Хотел было Илья сказать, но барин показал пальцем – слушай.
– Сам понимаю, что тебе трудно. Какая у меня тебе работа? И потом… барыня за тебя просила…
Молча, чтобы не дрожал голос, поклонился Илья, почувствовал, как накипают слезы. Неотрывно смотрел на тихое бледное розовеющее лицо, как у спящей. И вот дрогнули темные ресницы и поднялись. Новые глаза, темные от огня, взглянули на Илью, коснулись его нежно и опять закрылись.
– Вольную ты получишь. Видела барыня сегодня в монастыре твою работу, Георгия Победоносца… Понравилось ей. Говорит, лицо необыкновенное…
Неотрывно смотрел Илья на светлую госпожу свою. Все так же она лежала, и от полыхающего огня словно вздрагивали ее ресницы. А как сказал барин, что лицо необыкновенное, опять увидал Илья: поднялись ресницы и она смотрит. Радостно-благодарящий был этот взгляд, ласкающий и теплый. Похолодел и замер Илья и опустил глаза на огонь.
А она сказала:
– Вы, Илья, удивительно пишете. И вот у меня к вам просьба…
Вздрогнул Илья от ее голоса, но сказал барин:
– Просьба не просьба, а… постарайся напоследок… Барыня желает, чтобы написал ты ее портрет… Можешь?
Сразу не мог ответить Илья, но собрал силы и сказал чуть слышно:
– Постараюсь…
Сам слышал – будто не его голос. Посмотрел барин на Илью:
– Так вот. Можешь?
И она сказала:
– Видите, Илья… Я хочу, чтобы…
Но ее перебил барин:
– Так вот. Можешь?
В жар кинуло Илью, что перебил барин. Стояло в комнате живое, ее, слово: «Я хочу, чтобы…» Чего она хотела?!
И сказал Илья твердо:
– Могу.
И посмотрел на нее свободно, как недавно, в парке. Упали путы с души, и почувствовал он себя вольным и сильным. Спросил смело:
– Завтра начать можно?
Порешили на завтра. Сказал Илья:
– Буду писать в банкетной, на полном свете.
Взглянул на нее и еще смелее сказал:
– У госпожи бледное лицо. Для жизни лица лучше темное одеяние, черное или морского тона…
Ее лицо осветилось, и она сказала:
– Я так и хотела.
И удивился Илья – вмиг она стала совсем другая, еще прекрасней.
Нашел Илья силу принять великое испытание. Шел под дождем на скотный, нес ее светлый взгляд и повторял в дрожи, ломая себе пальцы:
– Напишу тебя, не бывшая никогда! И будешь!
XVI
С того часу начались для Ильи сладостные мучения, светло опаляющие душу.

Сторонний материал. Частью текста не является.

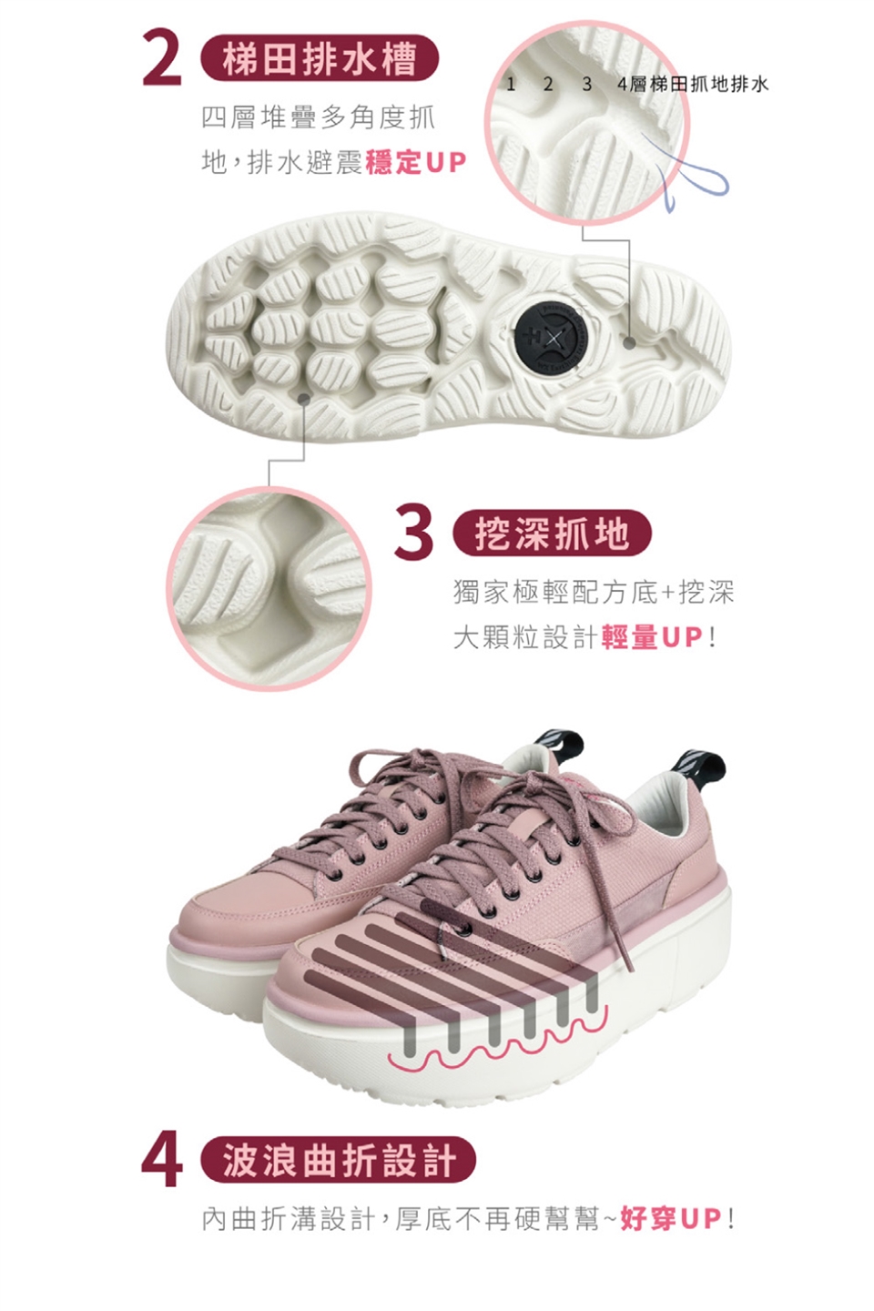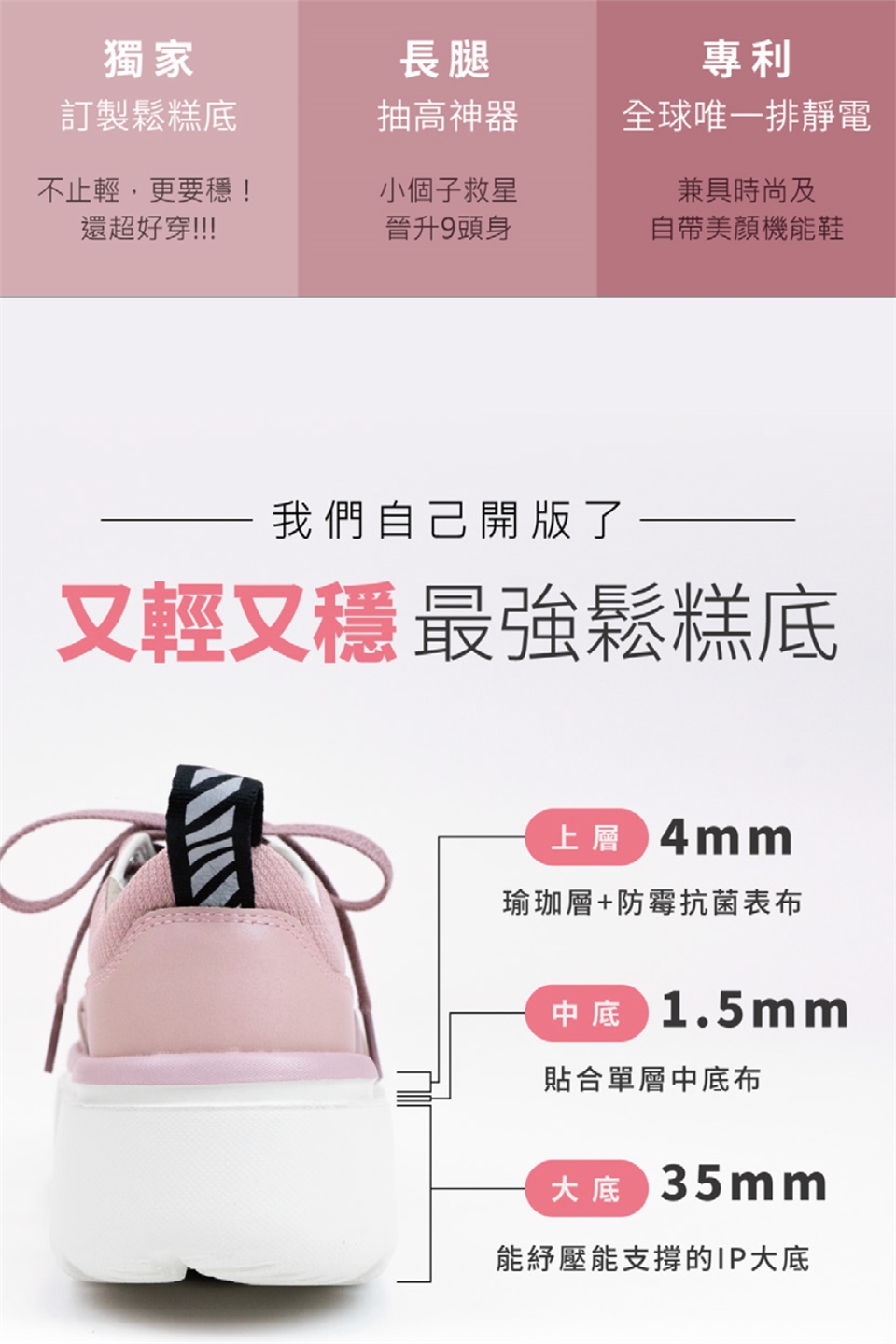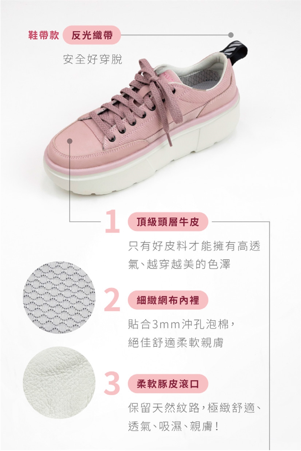 商品名稱:綁帶牛皮鞋- 輕穩鬆糕鞋(女款)UEX2007CSG粉色-增高5公分X排靜電X耐久走

Всю ночь не смыкал он глаз. В трепете и томлении ходил он в тесной своей клетушке и то становился в углу перед иконкой, старой, черной, без лика, после отца оставшейся, и сжимал руки; то смотрел в темные стены, отыскивая что-то далекое, чему и имени не было, но что было; то торопливо промывал кисти, готовил краски и отчищал палитру. Вынул надежный холст, ватиканский, верный, и закрепил на подрамник. И то обнимал его страх темный, то радость безмерная замирала в сердце.
Только перед рассветом забылся он в чутком сне и вскочил на постукиванье в окошко. Но не было никого за окошком: дождь стучался. Сердито глядел Илья на небо – тучи-тучи. Но к утру подуло ветром, и сплыли тучи. Пошел Илья в дом при солнце.
Бледный, с горячими глазами, дрожащими руками, готовился Илья к работе в банкетной зале. Боялся ее увидеть. Но напрасна была его тревога. Вышла молодая госпожа и сказала приветливо:
– Здравствуйте, милый Илья. Что с вами? не больны вы?..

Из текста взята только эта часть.